For this reason, the magnetostrictive shaft 2 is formed of a positive magnetic material, and the impedance Z1 when the positive direction torque is applied to the exciting and detecting coil 9 side by the respective slit grooves 4 and 5 as described above. Equation 1 and Equation 2
, But the impedance Z1 when a torque in the reverse direction is applied is a value having unknown variation that cannot be calculated by the equations (1) and (2).

On the excitation and detection coil 10 side, the impedance Z when a reverse torque is applied
Although 2 is a value that can be calculated from Equations 1 and 2,
The impedance Z2 when a positive torque is applied is a value having unknown variation that cannot be calculated by the equations (1) and (2).

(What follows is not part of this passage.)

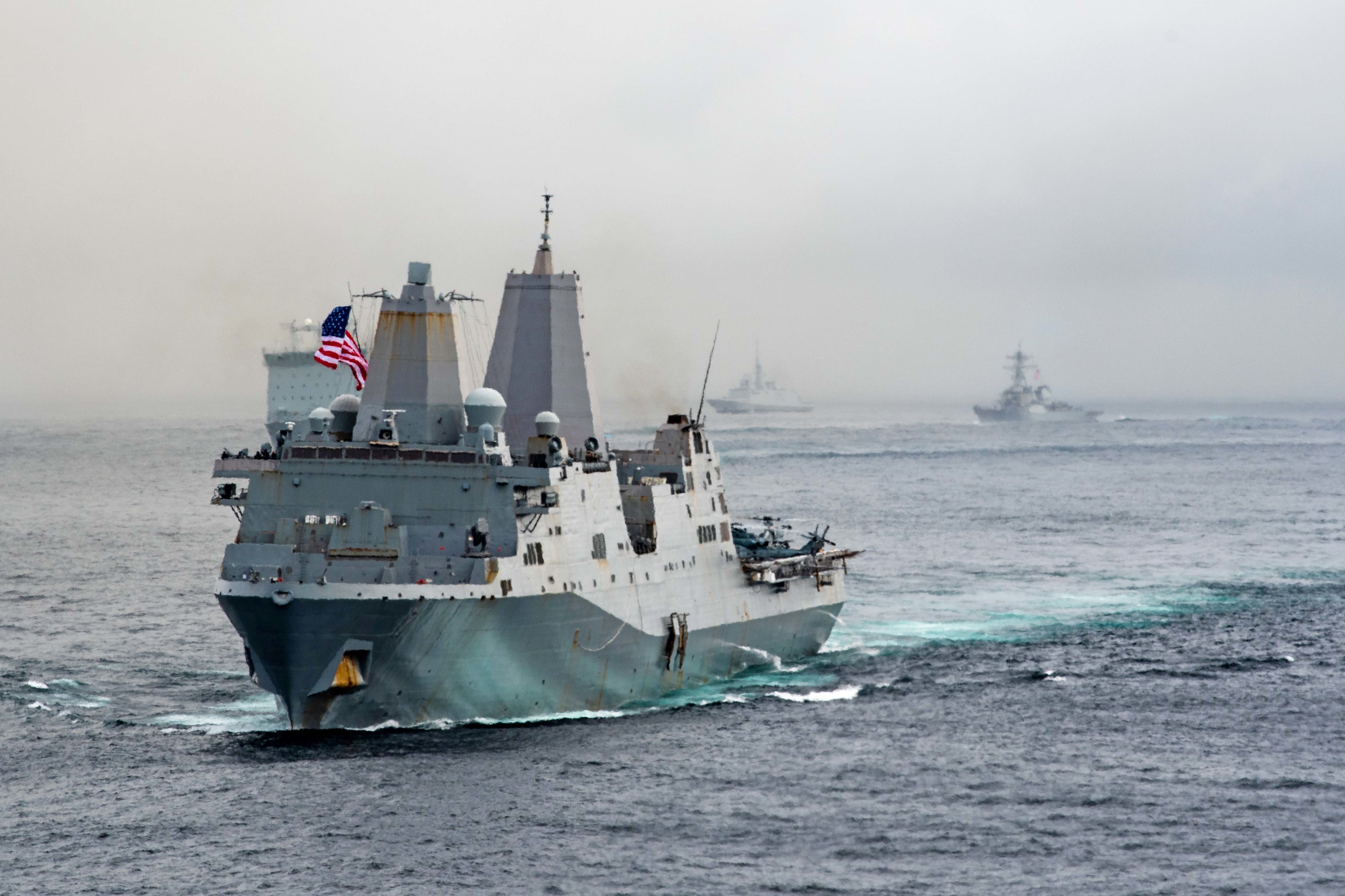 Also involved in these maritime drills, which were dubbed Exercise Ragnar Viking, were vessels from the French Navy and the Royal Norwegian Navy — an NH90 naval helicopter from one of those forces is also visible in the image above. The centerpieces of the maneuvers, however, were HMS Queen Elizabeth, which is working up for its first operational deployment within Carrier Strike Group 21 (CSG21), and the U.S. Navy’s Wasp class amphibious assault ship USS Iwo Jima. That amphibious assault ship is the flagship of the IWOARG, which also includes other elements of Amphibious Squadron 4, the Harpers Ferry class dock landing ship USS Carter Hall and the amphibious transport dock ship USS San Antonio, as well as the embarked 24th Marine Expeditionary Unit (MEU).

In the prior art, the exciting and detecting coils 9 and 10 are connected to a bridge circuit 11, and the difference between the impedances Z 1 and Z 2 of the exciting and detecting coils 9 and 10 is detected by a differential amplifier 13. Therefore, as described above, when a positive torque is applied to the magnetostrictive shaft 2, an accurate value corresponding to the torque of the excitation and detection coil 9 and a value with variation in the excitation and detection coil 10 are obtained. Is detected. When a torque in the opposite direction is applied to the magnetostrictive shaft 2, the value of the excitation and detection coil 9 having a variation and the value of the excitation and detection coil 10
The difference from the accurate value corresponding to the torque of is detected.

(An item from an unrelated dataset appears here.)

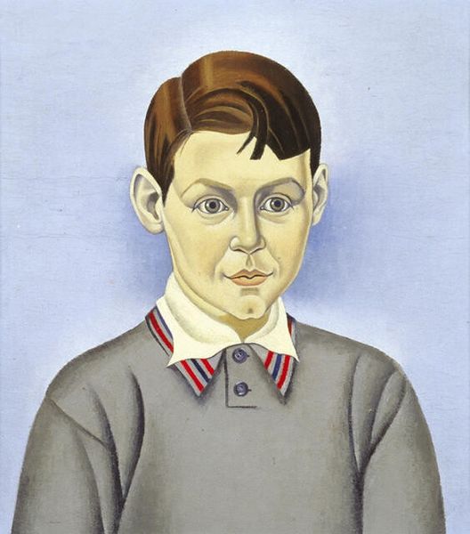 Curator: Here we have L.S. Lowry’s "A Young Man" housed here at the Tate. There isn't a confirmed date for this piece. What do you make of him? Editor: He looks… anxious, utterly burdened. The large ears, the slightly bloodshot eyes - a visual shorthand for vulnerability, maybe even a repressed scream. Curator: I think you’re onto something. The oversized features do suggest vulnerability, almost a caricature, but his dark suit presents a different story, a conformity perhaps? Editor: The suit does introduce a tension, doesn't it? Is it a costume, a disguise? Maybe the artist is exploring how society forces us into roles that don't quite fit. Curator: Or maybe he’s just a young man feeling awkward in his Sunday best. Lowry always captured the quiet dignity of working-class life, and often their sorrows. Editor: Yes, the sorrow is there. Symbolically the blue background reminds me of sadness and distance. I find that this blue amplifies the emotion. Curator: I see it, it's as if Lowry captured a moment of existential contemplation, a quiet resistance against the pressures of life. Editor: Absolutely. A window into a soul, troubled but resilient. Curator: Very well said.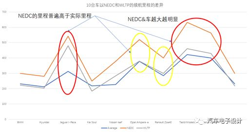 用NEDC所得出的纯电动续航里程,和实际续航的偏差较大,在几个NEDC里程较高的车辆里面特别明显

For this reason, in the detection processing circuit according to the prior art, one of each of the excitation and detection coils 9 and 10 detects a value corresponding to the torque according to the direction of the torque applied to the magnetostrictive shaft 2, but the other one. Has a problem in that accurate detection of torque cannot be performed because a difference value is detected by the differential amplifier 13.

Also, in the case where the detection processing circuit is configured such that the excitation and detection coils 9 and 10 are connected in series and a voltage is detected from the connection point, one of the excitation and detection coils 9 and 10 is similarly connected. Since 10 has a variation, accurate torque detection cannot be performed.

The present invention has been made in view of the above-mentioned problems of the prior art, and the present invention selects a detection signal from a coil corresponding to a torque and rejects a detection signal from a coil having a variation, thereby achieving high efficiency. It is an object of the present invention to provide a magnetostrictive torque sensor capable of performing accurate torque detection.

[0029]

In order to solve the above-mentioned problems, a magnetostrictive torque sensor employed in the first invention is:
A magnetostrictive shaft formed of a magnetic material and having a pair of magnetically anisotropic portions on an outer peripheral side spaced apart in the axial direction, and a pair of magnetically anisotropic portions provided on the magnetostrictive shaft and provided in a radially opposed manner. When the respective magnetic anisotropic parts are formed of a positive magnetic material, the coil and the detection processing circuit for detecting only the detection signal on the coil side which is the tensile stress side.

The magnetostrictive torque sensor adopted in the second invention is a magnetostrictive shaft formed of a magnetic material and having a pair of magnetically anisotropic parts on an outer peripheral side spaced apart in an axial direction.
A pair of coils provided radially opposite to each magnetic anisotropic part of the magnetostrictive shaft, and when each of the magnetic anisotropic parts is formed of a negative magnetic material, it is on the compressive stress side. And a detection processing circuit for detecting only the detection signal on the coil side.

Further, the detection processing circuit compares a pair of signal detection means for detecting the impedance of each of the coils as a detection signal with each detection signal from each of the signal detection means, and outputs a larger detection signal. It is preferable that it is composed of a comparing and selecting means for selecting.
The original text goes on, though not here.